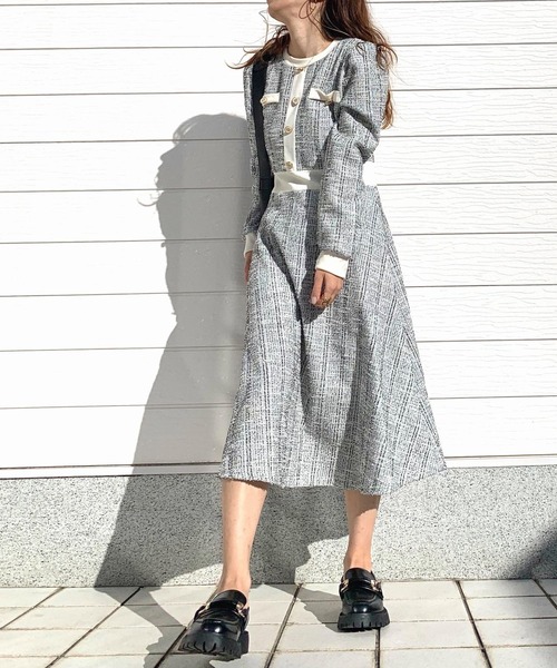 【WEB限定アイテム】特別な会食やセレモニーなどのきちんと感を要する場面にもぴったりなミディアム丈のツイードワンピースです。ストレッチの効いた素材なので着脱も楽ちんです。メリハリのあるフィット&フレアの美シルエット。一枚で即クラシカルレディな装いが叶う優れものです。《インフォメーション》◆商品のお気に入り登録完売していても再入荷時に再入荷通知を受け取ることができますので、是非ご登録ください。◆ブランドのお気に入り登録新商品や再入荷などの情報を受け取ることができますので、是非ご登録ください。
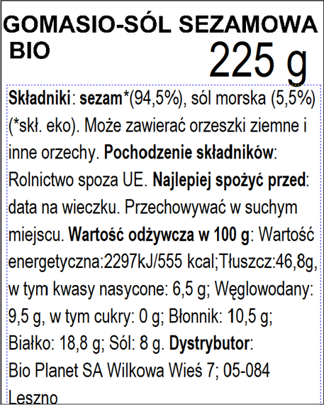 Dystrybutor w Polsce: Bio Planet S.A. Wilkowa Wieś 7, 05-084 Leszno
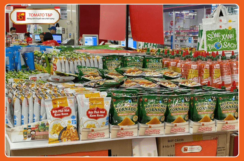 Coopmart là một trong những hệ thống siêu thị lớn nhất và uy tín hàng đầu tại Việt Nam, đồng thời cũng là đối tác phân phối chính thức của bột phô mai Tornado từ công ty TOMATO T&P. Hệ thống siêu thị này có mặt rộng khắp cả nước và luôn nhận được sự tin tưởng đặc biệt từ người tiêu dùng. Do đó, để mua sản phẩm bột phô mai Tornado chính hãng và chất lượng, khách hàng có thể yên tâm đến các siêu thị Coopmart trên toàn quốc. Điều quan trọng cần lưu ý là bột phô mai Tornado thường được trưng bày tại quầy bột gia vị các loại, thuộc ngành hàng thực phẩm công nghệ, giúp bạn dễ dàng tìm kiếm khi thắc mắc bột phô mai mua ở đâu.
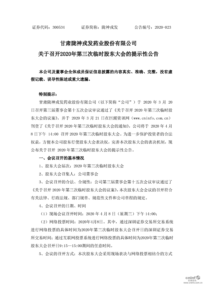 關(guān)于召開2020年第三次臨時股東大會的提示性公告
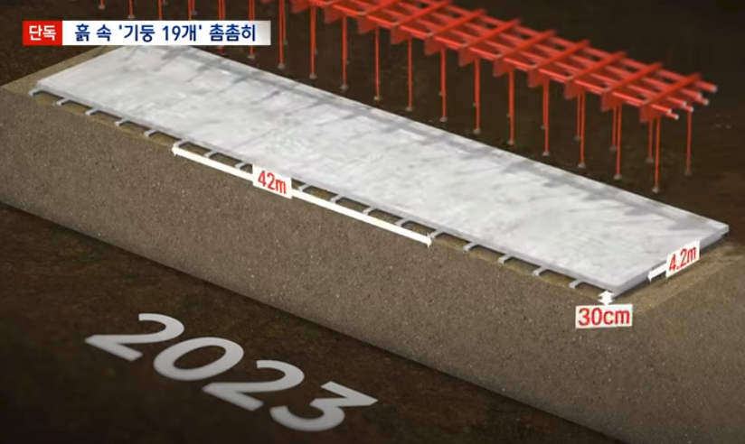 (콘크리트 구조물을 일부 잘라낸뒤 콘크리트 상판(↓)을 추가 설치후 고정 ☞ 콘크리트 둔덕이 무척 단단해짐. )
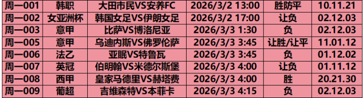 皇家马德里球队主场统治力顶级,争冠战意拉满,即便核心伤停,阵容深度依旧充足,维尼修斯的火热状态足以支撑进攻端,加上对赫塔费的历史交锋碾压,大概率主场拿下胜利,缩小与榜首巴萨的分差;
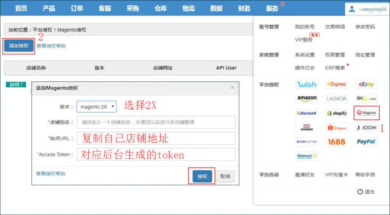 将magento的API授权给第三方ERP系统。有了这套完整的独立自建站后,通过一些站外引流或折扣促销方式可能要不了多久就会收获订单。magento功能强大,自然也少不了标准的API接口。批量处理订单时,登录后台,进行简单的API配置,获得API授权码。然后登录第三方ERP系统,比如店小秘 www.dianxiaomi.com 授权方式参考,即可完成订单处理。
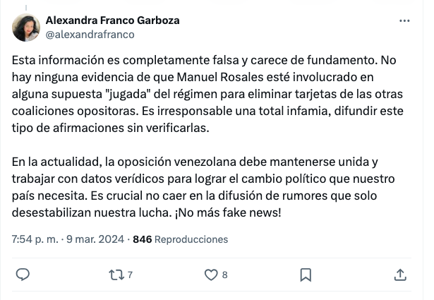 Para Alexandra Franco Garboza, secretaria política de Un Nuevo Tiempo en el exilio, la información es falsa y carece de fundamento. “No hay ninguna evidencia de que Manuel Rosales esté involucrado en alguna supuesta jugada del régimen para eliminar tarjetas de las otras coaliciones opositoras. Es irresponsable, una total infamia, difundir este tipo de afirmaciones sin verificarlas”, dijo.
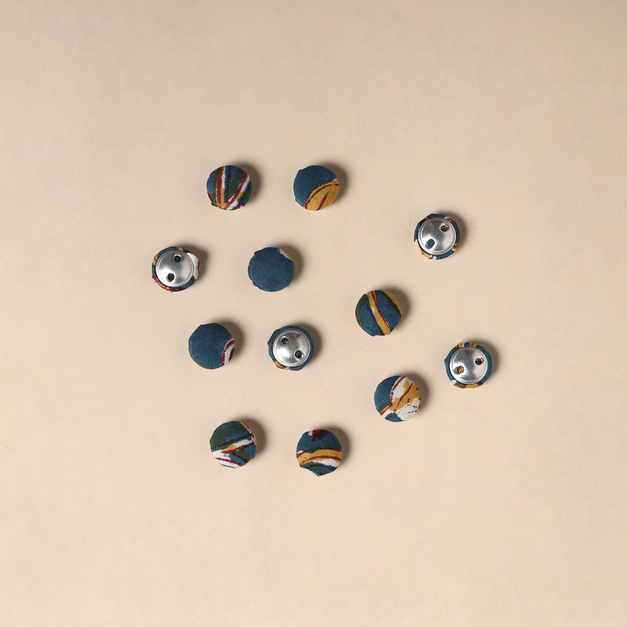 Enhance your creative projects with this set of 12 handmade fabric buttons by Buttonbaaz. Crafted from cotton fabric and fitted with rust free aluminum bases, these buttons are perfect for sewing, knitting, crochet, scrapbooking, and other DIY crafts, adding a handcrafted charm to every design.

• • • •

• [TASK DESCRIPTION]
Reproduce verbatim the opening line of the material and every line after it, up to and including the line with "Dystrybutor w Polsce: Bio", but no pictures.

• [RESPONSE AREA]
 【WEB限定アイテム】特別な会食やセレモニーなどのきちんと感を要する場面にもぴったりなミディアム丈のツイードワンピースです。ストレッチの効いた素材なので着脱も楽ちんです。メリハリのあるフィット&フレアの美シルエット。一枚で即クラシカルレディな装いが叶う優れものです。《インフォメーション》◆商品のお気に入り登録完売していても再入荷時に再入荷通知を受け取ることができますので、是非ご登録ください。◆ブランドのお気に入り登録新商品や再入荷などの情報を受け取ることができますので、是非ご登録ください。
 Dystrybutor w Polsce: Bio Planet S.A. Wilkowa Wieś 7, 05-084 Leszno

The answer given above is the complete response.